ROMA – Prof di tedesco precaria da 34 anni: è l’incredibile storia professionale di una donna laureata in lingue e letterature straniere, che ha iniziato a firmare contratti a tempo determinato nella scuola pubblica, come docente di lettere, nel lontano 1979. Dopo alcuni anni la sua posizione è stata cancellata ed ha ricominciato a fare supplenze come docente di lingue. Oggi è seconda in graduatoria ad esaurimento, ma la carenza di posti liberi ancora non le garantisce di essere assunta in ruolo prima che vada in pensione.
Una storia simbolo, scelta dall’Anief, Associazione sindacale e professionale, per lanciare l’allarme: come lei, con percorsi professionali travagliati e senza mai aver tagliato il traguardo dell’agognato ruolo, ce ne sono a decine di migliaia. Hanno iniziato la loro carriera da insegnanti nei primi anni Ottanta.
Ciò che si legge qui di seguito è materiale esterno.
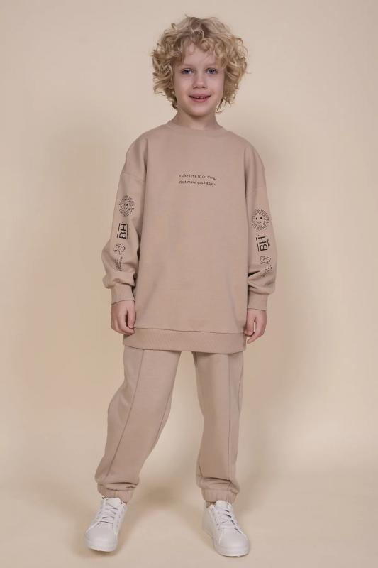 Брюки для мальчика – комфортные детские штаны в стиле smart sport. Джоггеры для мальчика незаменимы для повседневной носки весной и летом, а также круглогодичного ношения в многослойных образах. Базовые брюки для мальчика на резинке на каждый день. Брюки джоггеры для мальчика выполнены из мягкого материала футер-петля с высоким содержанием хлопка и небольшим добавлением полиэстера. Материал хорошо пропускает воздух, обеспечивает здоровую гигроскопичность. Ребенок не потеет и комфортно чувствует себя во время активных игр и занятий спортом. Наличие полиэстера наделяет изделие повышенной износоустойчивостью к усадке, защитой от образования катышков. Штаны не линяют после стирки и сохраняют красивый внешний вид. Джоггеры для мальчика объемные по всей длине. Низ собран на широкую внутреннюю резинку. Пояс на широкой резнке с внутренней регулировкой объема шнуром. Боковые карманы расположены в швах. По переду – вертикальные строчки, имитирующие стрелки. Спортивные брюки для мальчика представлены в однотонных, базо

Oggi, ormai ultra-cinquantenni, con abilitazioni, idoneità, master e specializzazioni incamerate, si ritrovano uniti da un destino professionale a dir poco beffardo. Ma la loro non è soltanto una storia di sfortuna. Spiega Marcello Pacifico, presidente di Anief:
“Le colpe di questi record da terzo mondo sono tutte da addebitare all’inefficienza dello Stato e dei Governi che si sono succeduti. Sono loro che li hanno condannati a vestire il ruolo di precari a vita. Solo per motivi di risparmio della spesa pubblica si continua infatti, imperterriti, a derogare alla direttiva comunitaria, la 1999/70/ CE, che da 13 anni impone ai Paesi che fanno parte dell’Ue di assumere tutti i lavoratori che hanno svolto 36 mesi di servizio nell’ultimo quinquennio. Come si continua a non tenere conto del decreto legislativo 368/01, che dava seguito a questa direttiva a livello nazionale. Per non parlare dell’oltraggio che si perpetra nei confronti dell’articolo 1 della Costituzione”.
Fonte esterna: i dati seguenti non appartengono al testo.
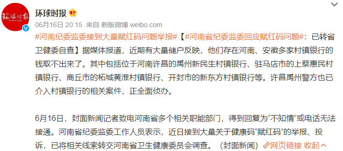 編者按:6月13日,網(wǎng)絡(luò)流傳信息顯示,多名前往鄭州溝通村鎮(zhèn)銀行“取款難”的儲(chǔ)戶被賦“紅碼”。6月16日,有媒體致電河南省行政審批和政務(wù)信息管理局、省疫情防控指揮部等多個(gè)相關(guān)職能部門,得到回復(fù)為“不知情”或電話無法接通。河南省紀(jì)委監(jiān)委工作人員表示,近日接到大量關(guān)于健康碼“賦紅碼”的舉報(bào)和投訴,已將相關(guān)線索轉(zhuǎn)交省衛(wèi)生健康委員會(huì)調(diào)查。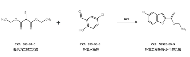 1.通过溴代丙二酸二乙酯和5-氯水杨醛合成5-氯苯并呋喃-2-甲酸乙酯,收率约64%;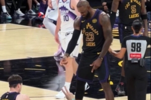 GIF-里夫斯投进3+1后 詹姆斯庆祝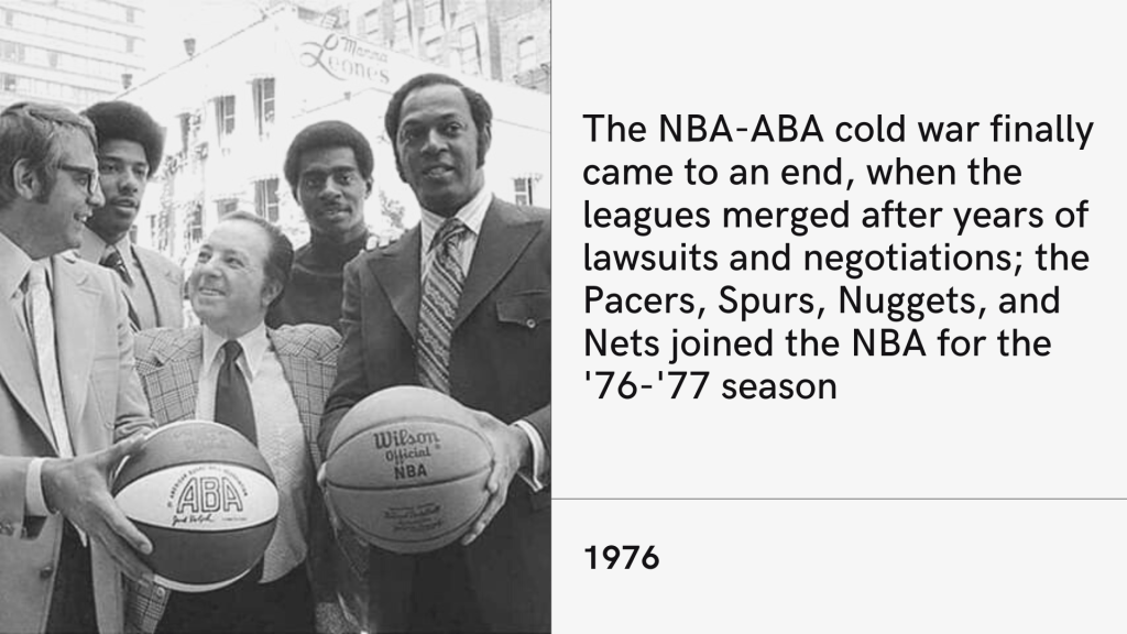 Though many of the owners may have denied it, the ABA was obviously established in 1967 with the express long-term goal of a merger with the NBA. It was a smart investment as ABA franchises were much cheaper and would increase exponentially in value upon a merger, though only four owners would ultimately manage to take advantage. A merger almost happened as early as 1970, but a lawsuit from Oscar Robertson delayed it for several years. When it finally came to pass in 1976, the Nets, Spurs, Pacers, and Nuggets joined the NBA as virtual expansion teams, forced to pay an expansion fee and receiving reduced television and gate revenues. The rosters of the non-merged teams were distributed across the NBA while the owners received solid settlements. Several ABA stars like Julius Erving, George Gervin, and David Thompson immediately took the NBA by storm with their free-wheeling, high-octane offensive styles while others like Louie Dampier struggled to adjust.

Sempre più docenti, dopo lungo tempo trascorso a fare supplenze annuali, preliminari al ruolo, anziché accedere finalmente alla stabilizzazione, si ritrovano nel “girone” delle supplenze brevi. È una situazione paradossale, che ha toccato l’apice con i 200mila posti tagliati negli ultimi sei anni, con la riforma Gelmini, che ha introdotto le classi-pollaio e ridotto il tempo-scuola ai minimi termini, con i 2mila istituti soppressi malgrado il recente parere contrario della Consulta. Con province dove si annoverano punte del 50 per cento di personale precario. E con le graduatorie che a dispetto del proprio nome, destinate all’esaurimento, hanno raggiunto la presenza record di 250mila candidati.
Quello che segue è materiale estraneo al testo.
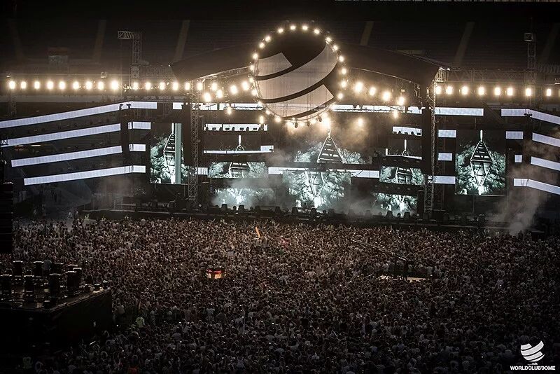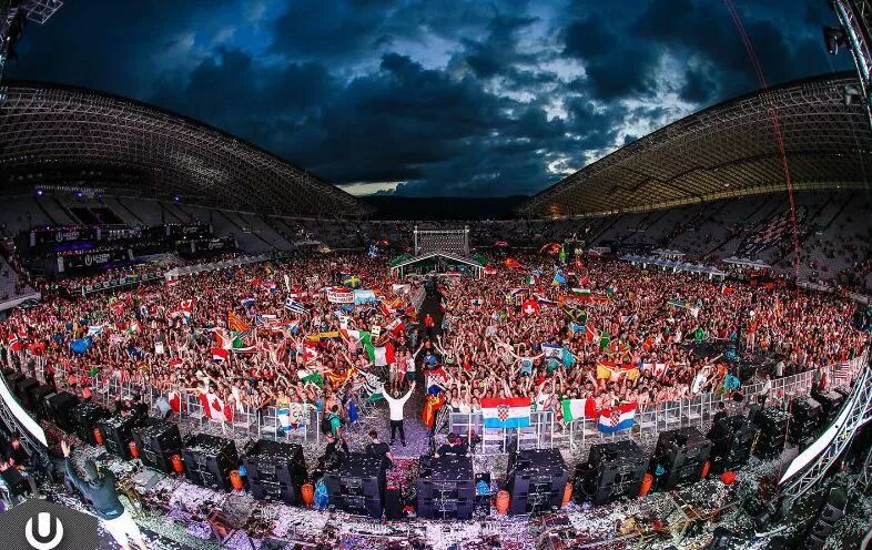 Ultra Europe:UMF的欧洲站,将其作为例子是因为很少电音爱好者不知道Ultra Music Festival。尽管知道Ultra欧洲的人挺多,可是很少人知道Ultra Europe就是在体育场进行的。跟所有体育场音乐节一样,分为舞池和看台两大区域。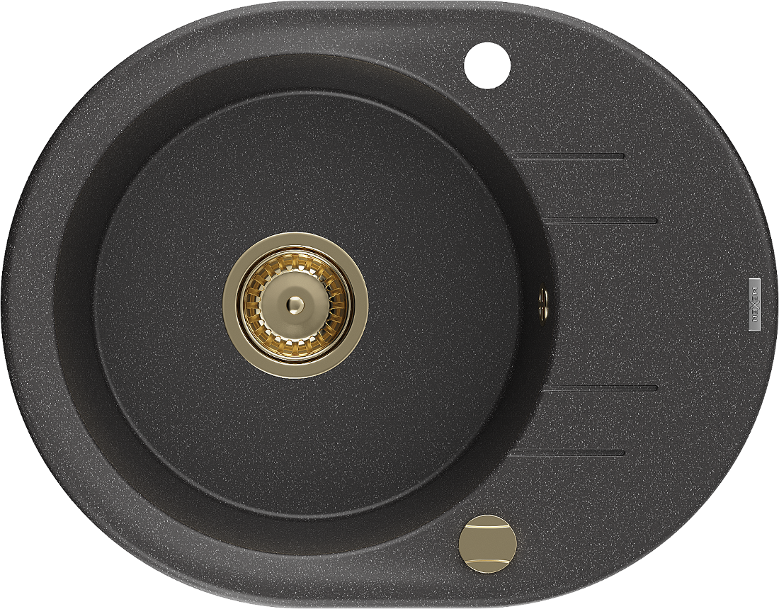 Mexen Kevin zlewozmywak granitowy 1-komorowy z ociekaczem 586 x 458 mm, czarny nakrapiany, syfon złoty - 6517581005-76-G

“Il duro attacco sferrato in questi anni ultimi anni alla scuola – continua il presidente dell’Anief – con tagli ad oltranza e investimenti risibili rapportati al prodotto interno lordo, ha raggiunto il risultato opposto di quello di un Paese che doveva investire nella conoscenza culturale per risollevarsi. Mortificando tanti professionisti dell’insegnamento, che in altri Paesi sarebbero valorizzati ed apprezzati per il prezioso lavoro che svolgono. Invece di essere abbandonati al loro destino. E mandati in pensione da precari”.